Mrs. Maxwell told investigators March 6 that the relative killed her 46-year-old 10th husband, Gordon Lynn Maxwell, at their Ore City-area home Aug. 30. But the tape jurors watched Thursday showed she told Upshur County Fire Marshal Paul Steelman on the day of the slaying that Maxwell put a pistol in her mouth, “tried to kill me,” and slammed her down before the gun somehow discharged.

The revelation came on the third day of testimony in the trial, which resumes at 9 a.m. today in Judge Lauren Parish's 115th District Court. Mrs. Maxwell, a 44-year-old former Upshur County jailer, pleaded not guilty on Tuesday.

Steelman interviewed her the day of the slaying after Maxwell's burned body was found in the victim's pickup outside the residence. But an autopsy showed Maxwell died from homicidal violence, including multiple gunshot wounds, and testimony established that numerous blood stains were found in the master bedroom of the home.

Thursday's tape showed Mrs. Maxwell telling Steelman that she and her husband began arguing before they arrived home from taking the family's children that morning to the Ore City School. He got off work at U.S. Steel in nearby Lone Star shortly after 7 a.m.

After they got home, Mrs. Maxwell said, her husband put the gun in her mouth and “told me he was gonna kill me.”

“(He) grabbed me by the hair of the head, slammed me down in the bed, and told me I wasn't going anywhere,” she said. She said they were fighting over the pistol and “the gun went off. I don't know what happened. … I didn't have it.”

Mrs. Maxwell said she did not intentionally shoot her husband, but was instead “trying to get away from him.”

She also said during the interview that the relative she would later implicate was asleep at the time. On a tape of a 911 call played for the jury earlier this week, she reported her husband's truck was on fire and she didn't know where he was.

With the audio from the tape difficult to understand at times, Steelman summarized for the jury what Mrs. Maxwell told him. He said she related that she knocked the gun out of her mouth and that it went off, but her finger wasn't on the trigger.

He said she also told him she did not intend to hurt Maxwell.

Mrs. Maxwell said she did not know what to do after the shooting. She said the relative did not help get her husband's body into the truck, which she admitted both on the day of the shooting and on March 6 that she doused with gasoline.

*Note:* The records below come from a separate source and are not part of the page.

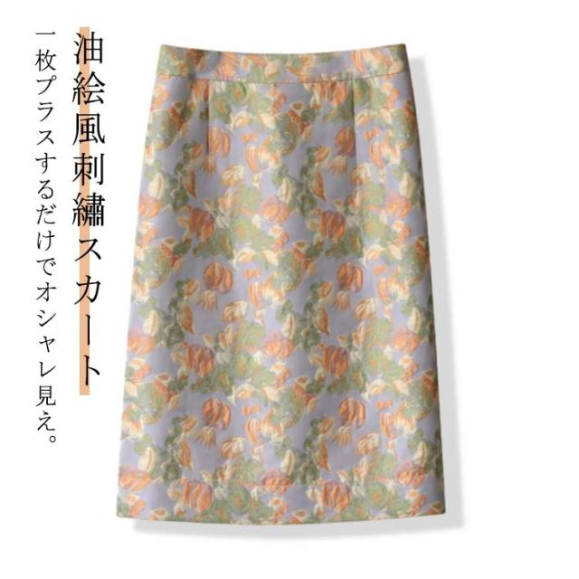 油絵風刺?スカート ジャカード タイトスカート ペンシルスカート 新型復古 スカート 花柄 キレイめ 通勤 エレガント 送料無料
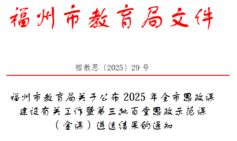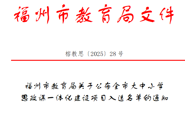 近日,福州市教育局公布2025年全市思政课建设有关工作暨第三批百堂思政示范课(金课)遴选结果。其中,仓山3项活动入选2025年全市思政课教师“大练兵”交流展示活动,同时列入第三批百堂思政示范课。此外,在全市大中小学思政课一体化建设项目活动中,仓山2所学校入选福州市大中小学思政课一体化建设实验学校。
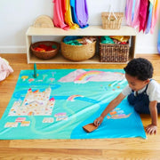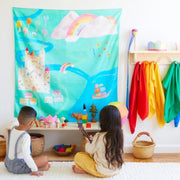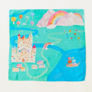 The Rainbowland Playmap is made from gorgeous, heavyweight, 100% pure mulberry silk and printed with non-toxic, earth-friendly dyes. It features a gorgeous, hand-painted Mini Playsilk, depicting a vibrant rainbow scene - perfect for your child's small world and imaginative play.
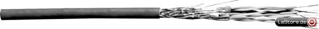 J-02YSCH 4 x 2 x 0,56 mm AWG 23/1 PiMF, 900 MHz S/FTP 100 Ohm Individuell foliengeschirmte Aderpaare, welche mit einem Gesamtschirm aus Kupfergeflecht umgeben sind. Diese Installationskabel (900 MHz) sind zum Aufbau von Verkabelungsstrecken der Klasse F geeignet. Normen: ISO/IEC 11801, EN 50173-1, EN 50288-4-1, IEC 61156-5 Anwendung: - Installationskabel zwischen Verteilerpanel und Geräteanschlussdose als Etagenverkabelung (Tertiärverkabelung). Bestens geeignet für alle Anwendungen der Klassen D bis F Multimedia (Video, Daten, Sprache) 10 Gigabit Ethernet, VoIP, PoE

She said she put Maxwell's body in the truck because she did not want to discredit him. Maxwell was a minister and pastored a Baptist Church in Louisiana, according to testimony.

Maxwell's ex-wife, Rhonda Maxwell, testified that in the nearly 16 years they were married, he neither became violent nor pointed a gun at her. She said he wanted their divorce and she was “very shocked” to discover on Facebook that he married Mrs. Maxwell in March 2011 only two or three days after their divorce.

Mrs. Maxwell told investigators Maxwell was her high school sweetheart.

One of Mrs. Maxwell's ex-husbands, Rusty Campbell, testified they married each other twice, and she abruptly informed him during both marriages that she was ending the marriage. He said he was out of town working on both occasions when she called him.

Another man meanwhile testified he had an affair with Mrs. Maxwell in 2009, and that she bit his arm when he ended the relationship. But they had another sexual encounter only 15 days before the slaying, the man testified.

Upshur County District Attorney Billy Byrd told Judge Parish outside the jury's presence the state believes Mrs. Maxwell's true motive for murdering her husband was, “She was sleeping with several other men” and “We believe that Mr. Maxwell was walking out the door” on her.

Two co-workers of Maxwell's at U.S. Steel testified he was an excellent employee, but that they saw a change in his behavior before his death. One of them, Billy Harmon, said Maxwell had become “somewhat depressed” and told him, “He was having problems at home.”

Harmon said he told Maxwell he should not stay in a relationship “that could cut his life short.” Harmon quoted Maxwell as saying his wife “was good with a .357” pistol.

Harmon said that when he told Maxwell, “He might ought to get out of” the marriage, “(Maxwell) shed tears.” The two men worked together the day Maxwell was killed, but didn't talk much that day, Harmon said.